There is still a bug here. The priority callouts need to be static, or else they will still lockup reading the library files.
I made all the non-static priority callouts simply symlinks to the static ones. This fixes the problem transparently to the user.
*** Bug 431994 has been marked as a duplicate of this bug. ***
So what is our recommended setting in /etc/multipath.conf ? We've been using /sbin/mpath_prio_[netapp|ontap] The .static binary has never been used in the config files anywhere IIRC. Why not just have the normal binaries static ?
Ben, So are you planning a new errata release which would make all the non-static callouts symlinks to the static ones?
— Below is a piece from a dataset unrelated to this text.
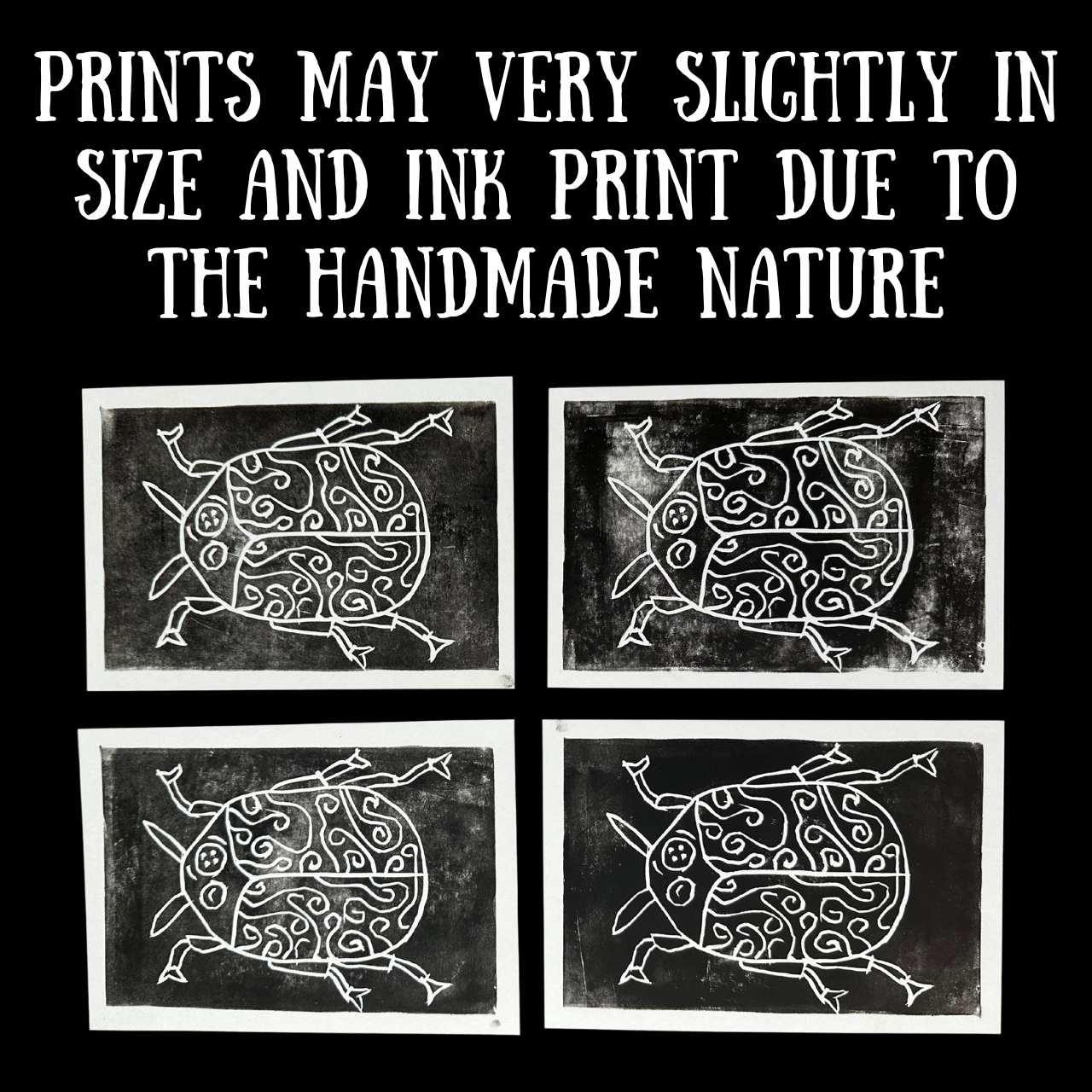Print may vary slightly in size and prink ink due to the handmade nature of each piece.
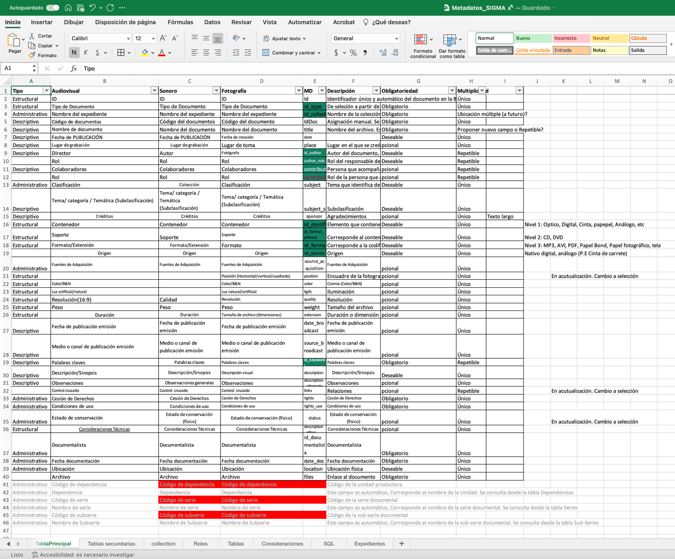Para conocer las entidades y sus atributos, fue necesario identificar los elementos que componen cada registro, por lo que en una hoja de cálculo se registraron las etiquetas correspondientes, descripción y características de obligatoriedad y multiplicidad (Figura 6).

Or simply make only static callouts (without the .static extension)?
In response to comment #10, Yes, there is a new errata ready for QA that makes all the non-static callouts links to the static ones. The callouts with the .static extension need to be there for mkinitrd to work correctly. Eventually, we can remove them and just compile the regular ones statically. In response to comment #9, /sbin/mpath_prio_ontap is fine if you'd like, but anyone of them will work just fine. /sbin/mpath_prio_ontap /sbin/mpath_prio_netapp /sbin/mpath_prio_netapp.static are all just symlinks to /sbin/mpath_prio_ontap.static
added to RHEl5.2 release notes under "Resolved Issues": <quote> The priority callouts of dm-multipath are now statically compiled. This fixes a problem that occurs when running dm-multipath on devices containing the root filesystem, which caused such devices to freeze during fibre-channel path faults. </quote> please advise if any further revisions are required. thanks!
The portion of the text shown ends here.